What you need to know:

  • Issack Hassan and Ezra Chiloba had been summoned to answer questions of impropriety raised by another watchdog.
  • PAC investigations into biometric voter registration kits procurement exposed massive irregularities.
  • Mr Hassan oversaw the procurement as chairman of the electoral commission.

A parliamentary committee has summoned top electoral commission officials over alleged procurement irregularities that cost taxpayers Sh4 billion.

Justice and Legal Affairs Committee chairman Samuel Chepkong’a said the Independent Electoral and Boundaries Commission (IEBC) chairman Issack Hassan and chief executive Ezra Chiloba had been summoned to answer questions of impropriety raised by another watchdog team.

The Public Accounts Committee (PAC) investigations into the IEBC procurement of biometric voter registration (BVR) kits and other electronic gadgets, which failed during the 2013 elections, also exposed massive procurement irregularities.

Mr Hassan oversaw the procurement as chairman of the electoral commission, while Mr Chiloba, who took over as CEO just over a year ago, is reported to have paid Sh250 million irregularly to a supplier.

“We need the IEBC to appear before us to answer questions of irregular procurement uncovered by another committee of Parliament before we can approve its budget for the 2016/17 financial year,” he said.

IEBC has requested a Sh45 billion budget to prepare for the next elections, amid claims that it could be compelled to procure more electronic gadgets to be  used in the next elections.

Mr Chepkong’a, who is also MP for Ainabkoi, said the meeting with the IEBC chiefs would be a follow-up one, in which they would be expected to update the MPs on the preparations for the 2017 elections.

He said the lawmakers wanted to know whether IEBC will procure equipment similar to those it used in the 2013 elections, and the justification for it.
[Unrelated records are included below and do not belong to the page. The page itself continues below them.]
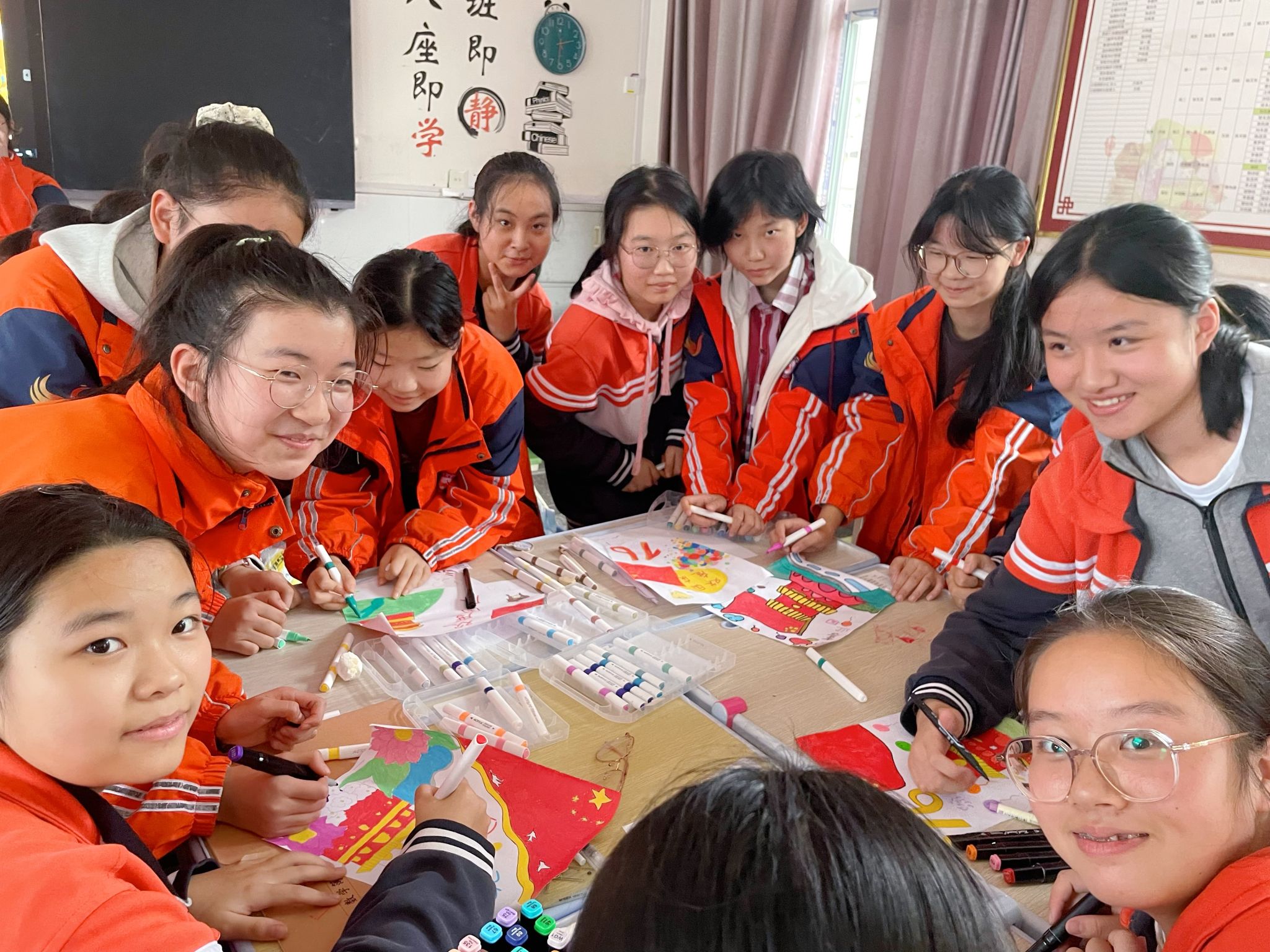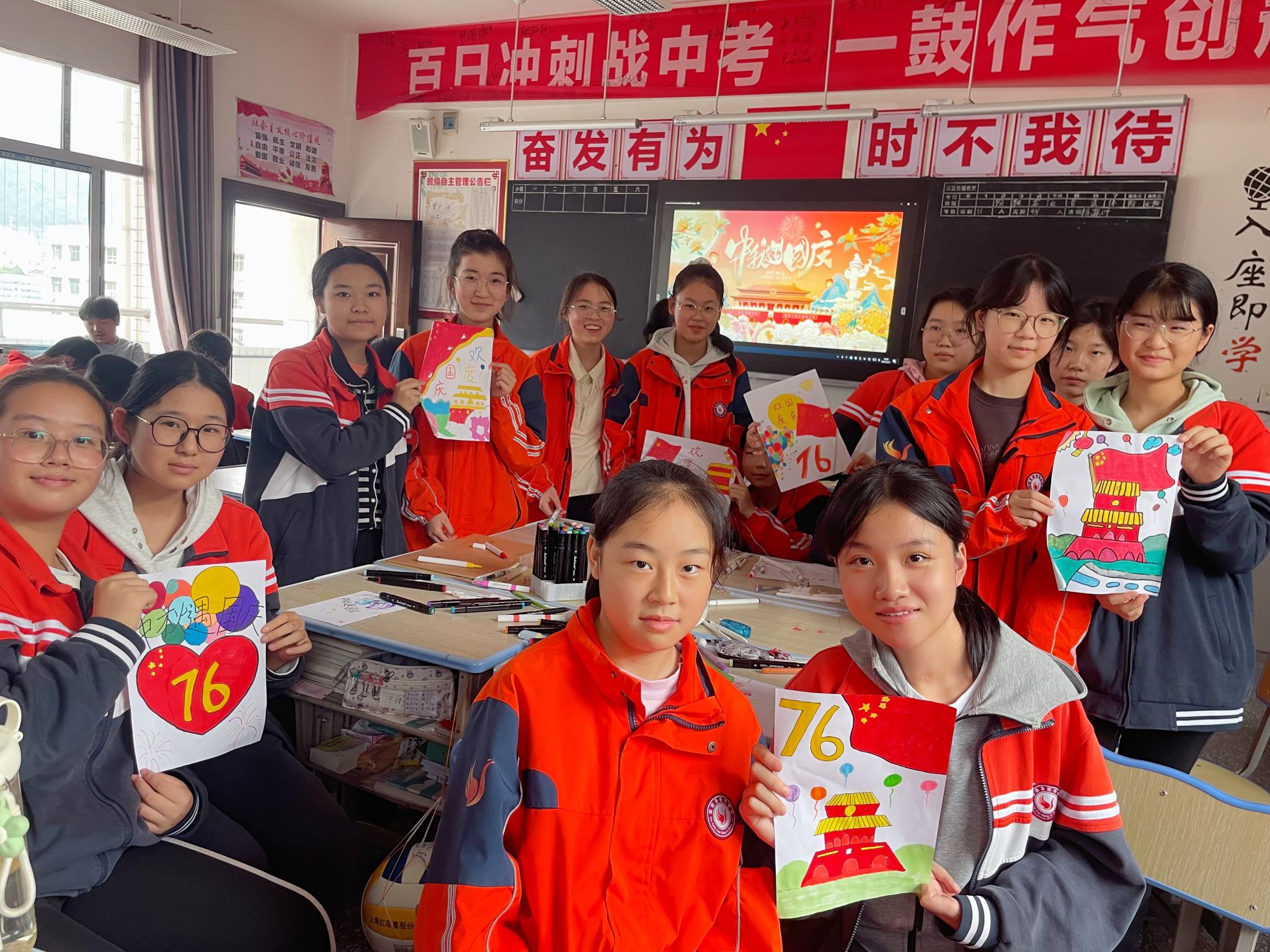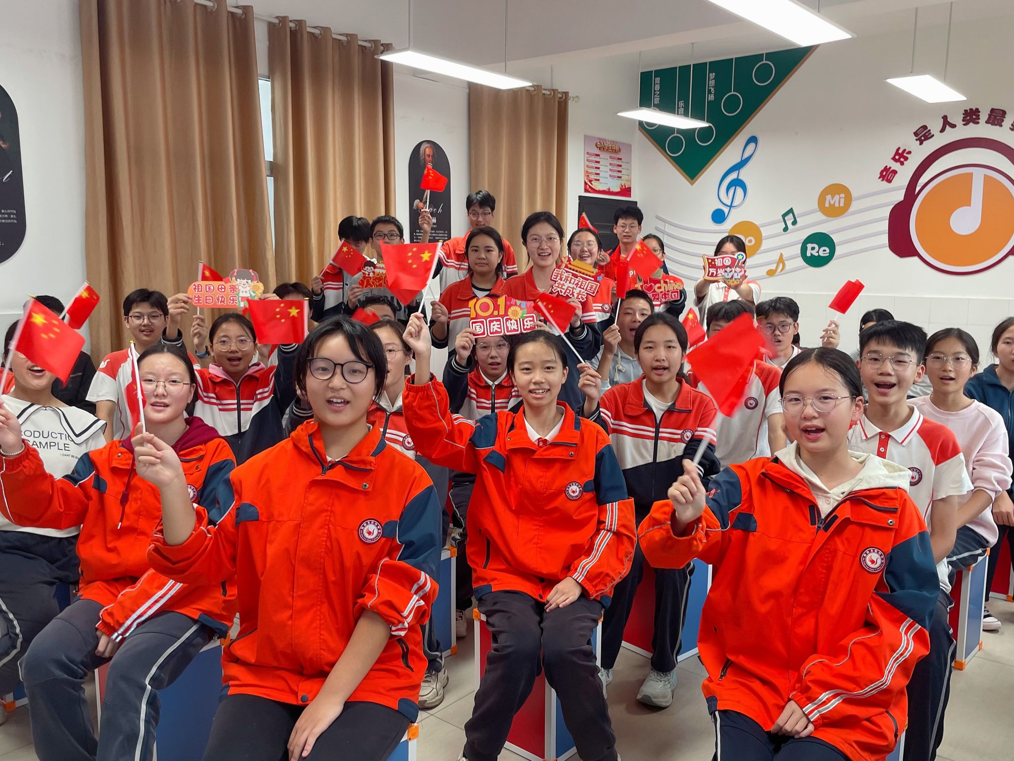 音乐课堂里,“红歌嘹亮颂祖国”的旋律点燃爱国热情。当《我和我的祖国》的前奏在教室响起,同学们纷纷昂首挺胸,用清亮的歌声传递对祖国的赤诚;随后的“红歌接龙”环节,各班同学踊跃接唱经典红歌,课堂瞬间化作“红色音乐厅”。音乐教师结合节日背景,生动讲述《歌唱祖国》《没有共产党就没有新中国》等歌曲背后的历史故事,让同学们在旋律与史实的交融中,深刻体会红歌承载的民族记忆,民族自豪感与责任感在歌声中悄然升华。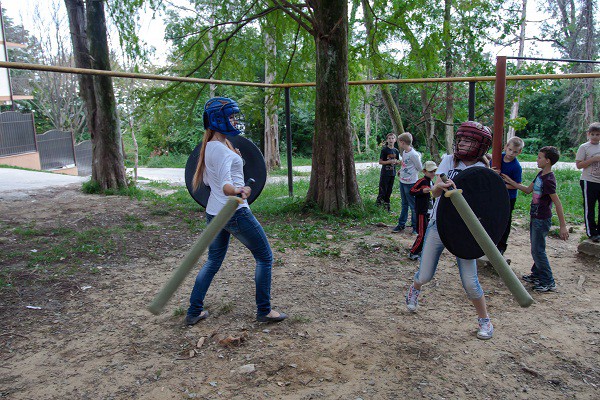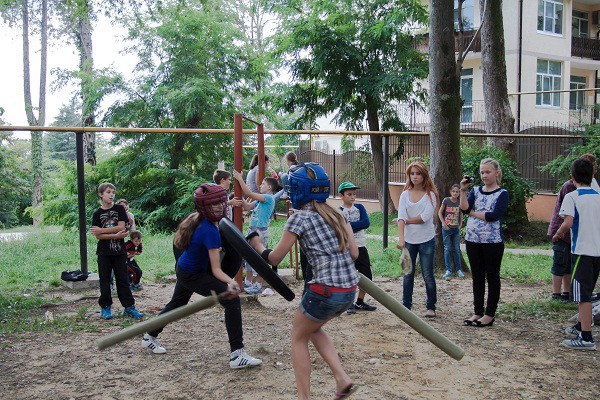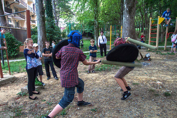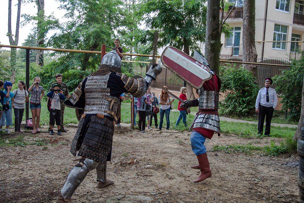 После началась вторая часть экскурсии, все вышли на тренировочную площадку. Где увидели бой между русским витязем и воином Золотой Орды.
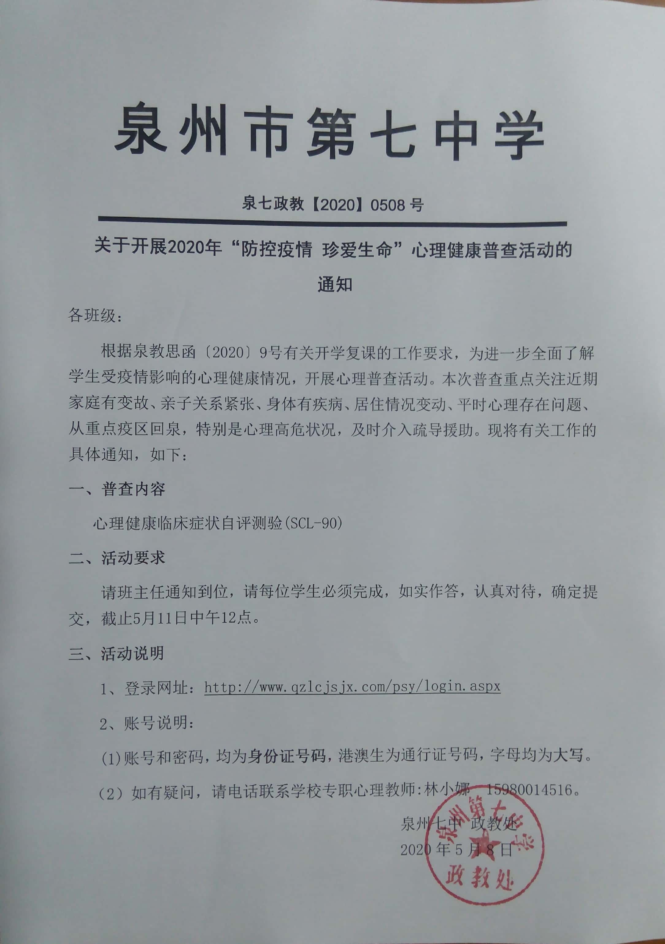 2020年新冠肺炎来袭,为进一步全面了解学生受疫情影响的心理健康情况,学校开展心理普查活动。本次采用SCL-90心理健康测试量表。该量表包含了90个项目,从感觉、情感、思维、意识、行为直到生活习惯、人际关系、饮食睡眠等多种角度,可以用于学生心理健康状况的评估。
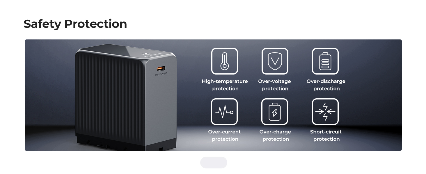 - Multiple Ports Options: With 2* USB C ports, USB-C1/C2:Input/Output:5V/3A 9V/3A 12V/3A 15V/3A 45W (Max) , one USB-A: Output: 5V/3A, 9V/2.5A, 22.5W (Max); Features over-discharge protection, over-current protection, over-voltage protection, high-temperature protection, low-temperature protection, short-circuit protection, and over-charge protection.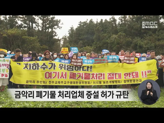제주시 한림읍 금악리 마을회와 이시돌 농촌산업개발협회 등은 폐기물 처리시설 증설 허가와 관련해 기자회견을 열고, 주민 등의 재고 요청에도행정이 절차상 문제가 없다고 밝힌 것은 엉터리 환경조사와 사업계획을 눈감아주겠다는 뜻이라고 규탄했습니다. 이들은 해당 업체가 그동안 폐기물을 처리하는 과정에서지하수나...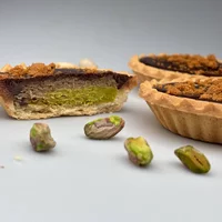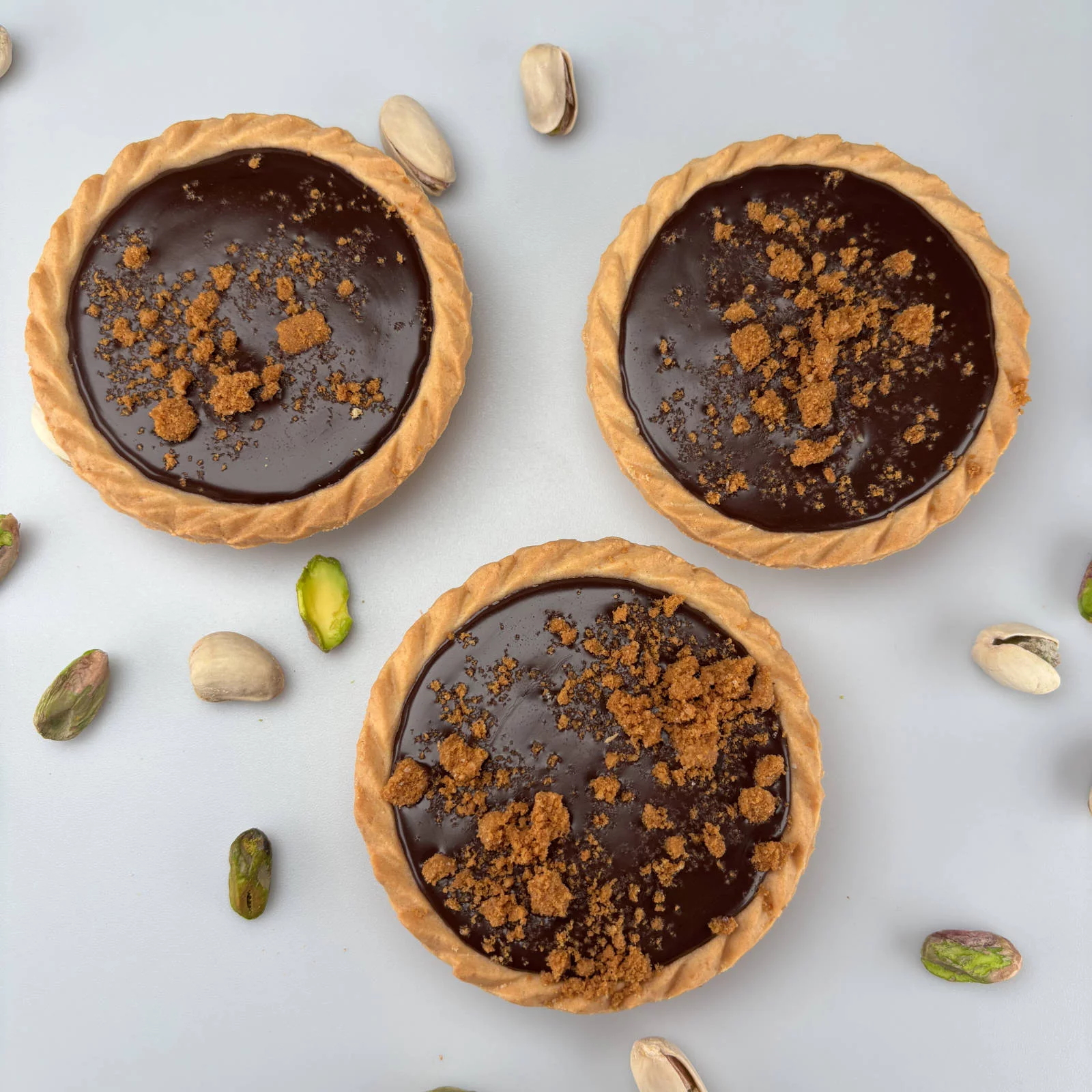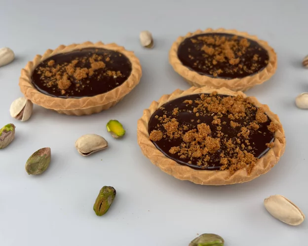 Zloženiekošíček s maslového cestapistáciová Dubai plnka sa kadayifšľahačkový krém s mliečnej čokoládyČokoláda s Lotus keksíkovým posypom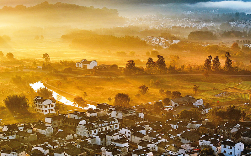 黨的十八大以來,我國生態(tài)文明建設從理論到實踐都發(fā)生了歷史性、轉(zhuǎn)折性、全局性變化,美麗中國建設邁出重大步伐。圖為2023年11月1日在安徽省黃山市黟縣宏村鎮(zhèn)盧村拍攝的秋景(無人機照片)。 新華社發(fā) 施亞磊/攝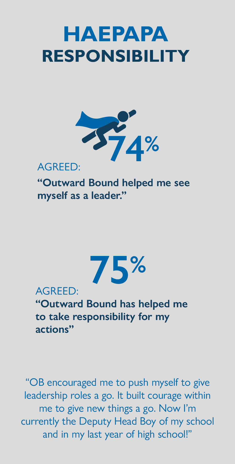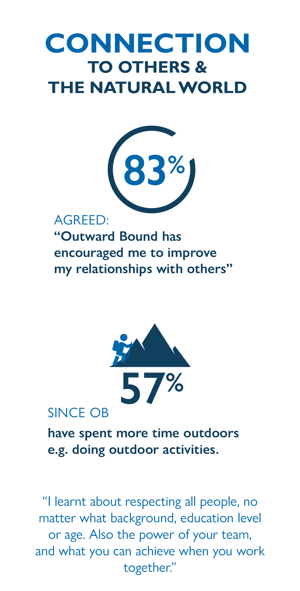 So in true Outward Bound form, we looked for a solution and changed how we asked the question. We now ask using a 5-point scale: 'Far too hard' to 'Far too easy', with 'Just right' in the middle.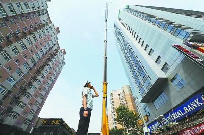 今天上午,记者在海淀区魏公街现场看到,重型吊车的吊臂有100余米长,可以直接够到写字楼的最顶层,吊车底座附近拉起了警戒线。“这处违建距离地面有100米,这个吊车最高能用到130米,将主要负责运送施工材料、清运渣土垃圾废料等。”海淀城管局紫竹院街道执法队副队长李松告诉记者,因为违建体量巨大,包括钢管等拆除后的废料从电梯间根本运不下来。“为了保证安全,光防护网我们就已经搭建了4天,共有上下两层,在四级风和雷雨天会停止施工作业,预计最快一个月内拆除完毕。”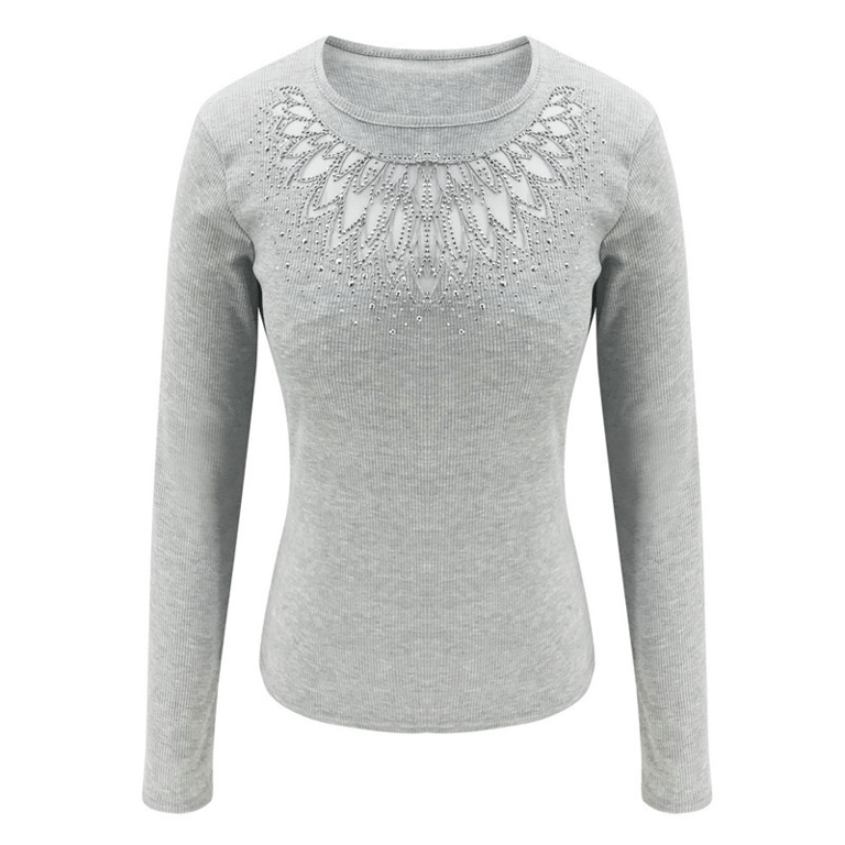 • Etiquetas: Suéter de mujer, suéter con piedras, brillante, suéter con escote, escote transparente, encaje, elegante

Questions over the integrity of the commission have arisen, especially from the bungled procurement, equipment failure and the “Chickengate scandal”, with calls for the IEBC commissioners to quit.

The PAC report indicated that Sh3.9 billion was lost in the government-to-government procurement deal for the BVR kits with Canada, after the commission bungled the open tendering process.

The French Government, which had earlier won the deal, was reportedly locked out in the procurement for the kits after the government roped in a Canadian firm that was allegedly paid huge allowances for its brokerage services.